● **Problem**:
Without any pictures, retype exactly the lines from the one with "Artcard kasoje gavę" through the final line of the records.

══ Data records ══

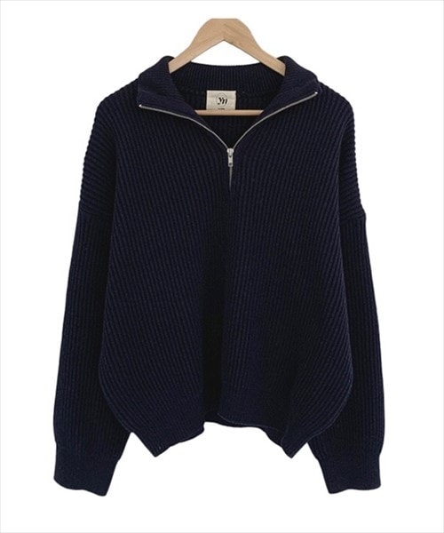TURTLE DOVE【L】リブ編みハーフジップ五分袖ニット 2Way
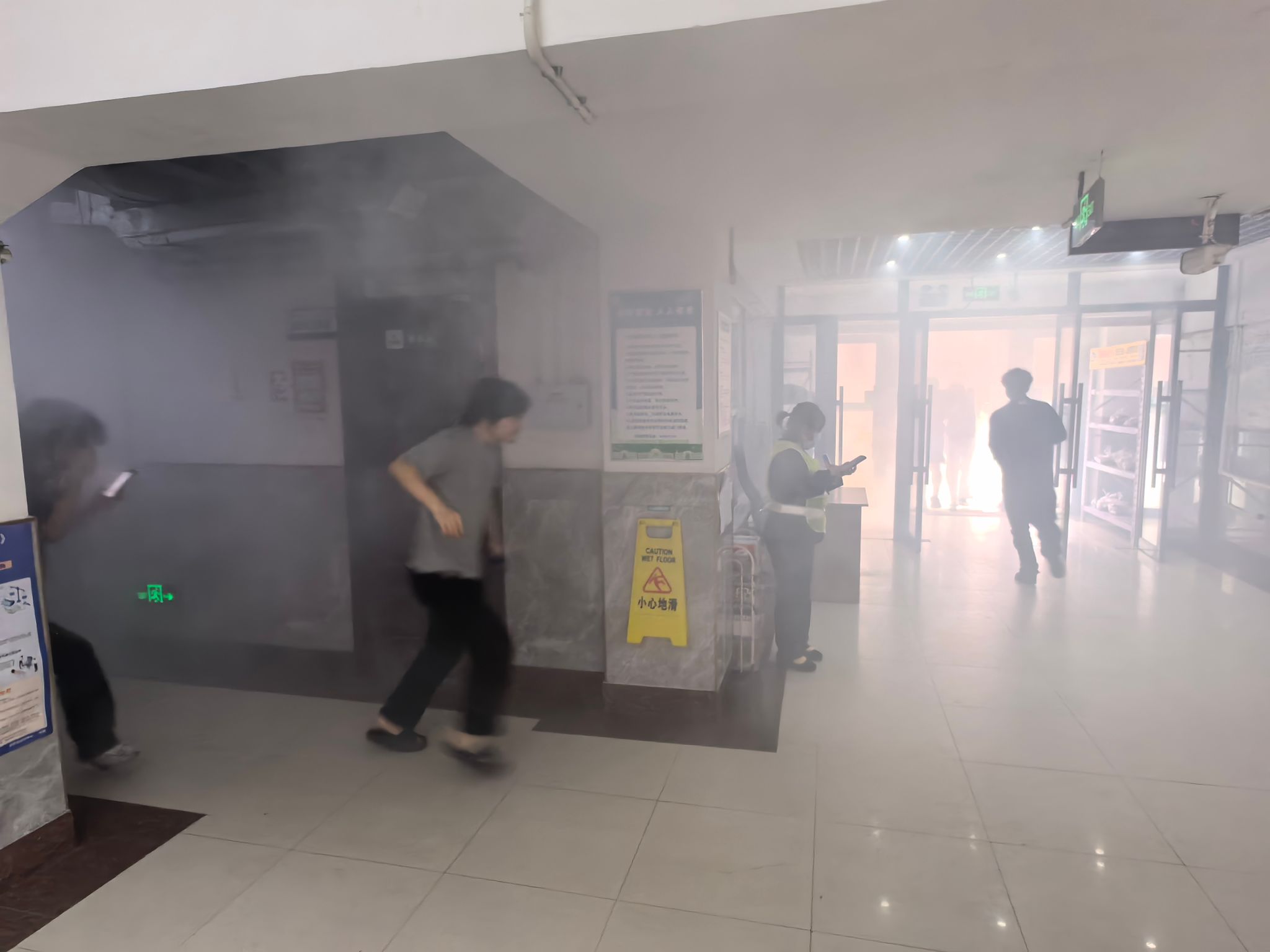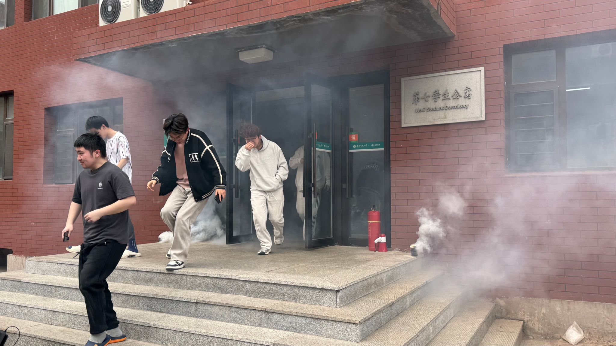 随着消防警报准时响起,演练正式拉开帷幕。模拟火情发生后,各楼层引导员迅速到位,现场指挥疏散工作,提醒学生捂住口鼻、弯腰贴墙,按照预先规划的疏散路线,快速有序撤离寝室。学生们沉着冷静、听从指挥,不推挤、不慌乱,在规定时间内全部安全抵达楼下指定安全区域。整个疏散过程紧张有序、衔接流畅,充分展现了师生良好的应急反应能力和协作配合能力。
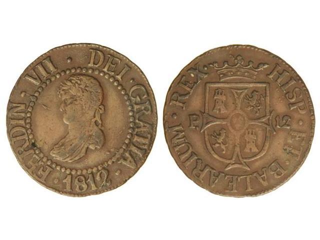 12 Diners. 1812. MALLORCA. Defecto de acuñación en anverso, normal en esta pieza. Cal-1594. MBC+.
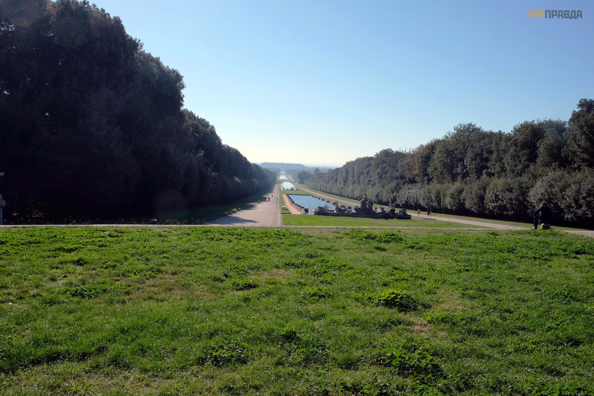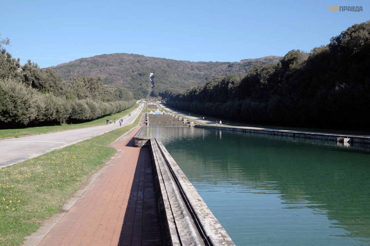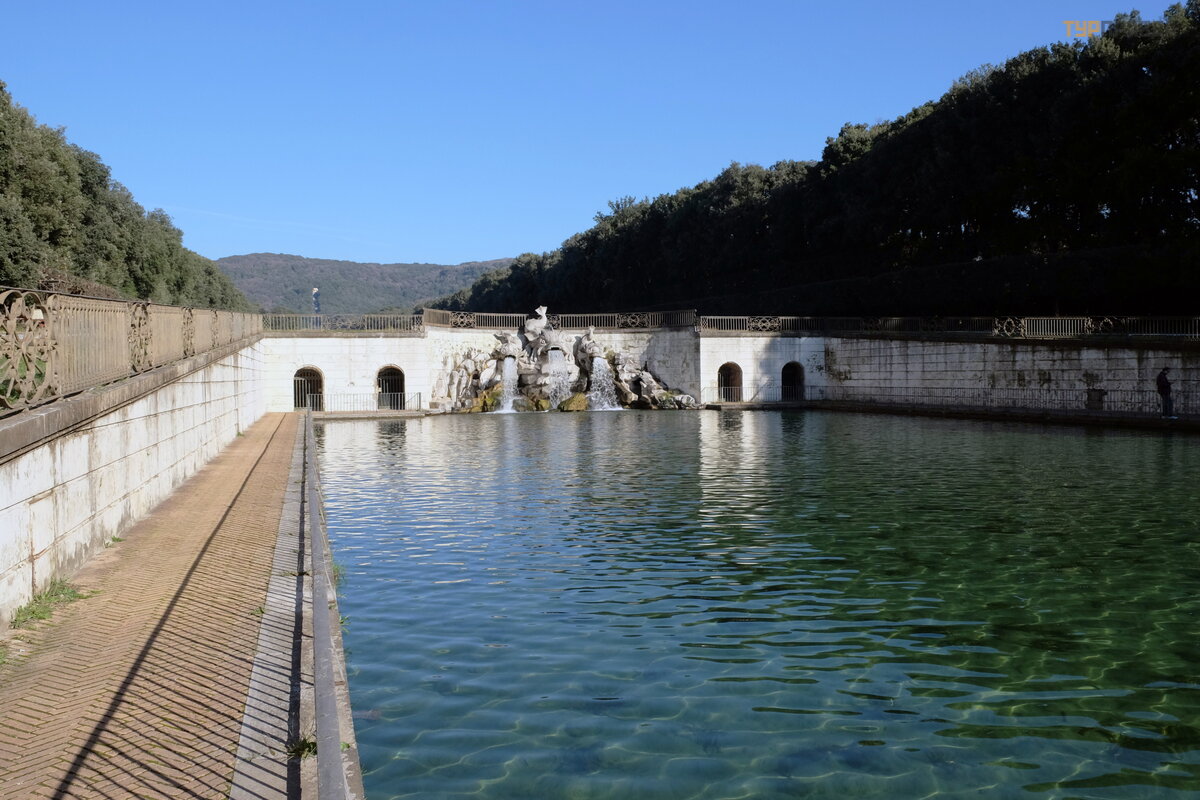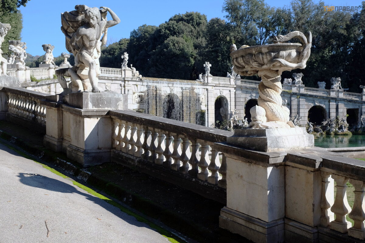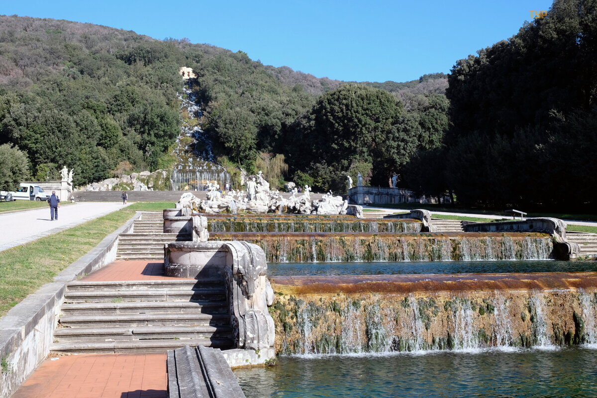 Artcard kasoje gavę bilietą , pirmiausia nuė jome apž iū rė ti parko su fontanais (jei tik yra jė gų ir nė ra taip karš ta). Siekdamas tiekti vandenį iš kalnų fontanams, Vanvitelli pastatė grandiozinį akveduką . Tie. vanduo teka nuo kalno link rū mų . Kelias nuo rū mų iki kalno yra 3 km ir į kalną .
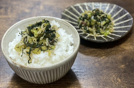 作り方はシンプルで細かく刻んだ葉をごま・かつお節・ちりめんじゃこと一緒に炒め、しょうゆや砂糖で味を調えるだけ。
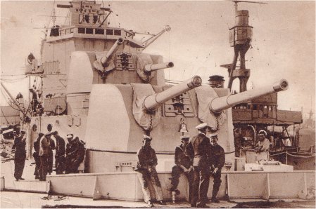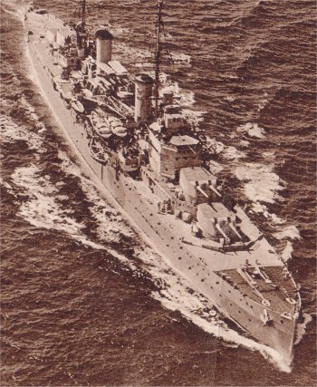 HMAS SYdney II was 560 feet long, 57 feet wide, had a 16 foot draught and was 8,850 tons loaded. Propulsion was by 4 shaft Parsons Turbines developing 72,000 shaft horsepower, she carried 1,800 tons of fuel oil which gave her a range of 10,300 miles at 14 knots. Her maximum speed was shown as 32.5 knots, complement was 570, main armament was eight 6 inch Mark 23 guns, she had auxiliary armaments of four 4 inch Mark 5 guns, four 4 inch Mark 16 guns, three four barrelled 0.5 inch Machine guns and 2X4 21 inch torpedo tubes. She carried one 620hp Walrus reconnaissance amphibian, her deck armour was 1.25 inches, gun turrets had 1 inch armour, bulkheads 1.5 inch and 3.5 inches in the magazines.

═══

● **Response to the exercise**:
 Artcard kasoje gavę bilietą , pirmiausia nuė jome apž iū rė ti parko su fontanais (jei tik yra jė gų ir nė ra taip karš ta). Siekdamas tiekti vandenį iš kalnų fontanams, Vanvitelli pastatė grandiozinį akveduką . Tie. vanduo teka nuo kalno link rū mų . Kelias nuo rū mų iki kalno yra 3 km ir į kalną .
 作り方はシンプルで細かく刻んだ葉をごま・かつお節・ちりめんじゃこと一緒に炒め、しょうゆや砂糖で味を調えるだけ。
 HMAS SYdney II was 560 feet long, 57 feet wide, had a 16 foot draught and was 8,850 tons loaded. Propulsion was by 4 shaft Parsons Turbines developing 72,000 shaft horsepower, she carried 1,800 tons of fuel oil which gave her a range of 10,300 miles at 14 knots. Her maximum speed was shown as 32.5 knots, complement was 570, main armament was eight 6 inch Mark 23 guns, she had auxiliary armaments of four 4 inch Mark 5 guns, four 4 inch Mark 16 guns, three four barrelled 0.5 inch Machine guns and 2X4 21 inch torpedo tubes. She carried one 620hp Walrus reconnaissance amphibian, her deck armour was 1.25 inches, gun turrets had 1 inch armour, bulkheads 1.5 inch and 3.5 inches in the magazines.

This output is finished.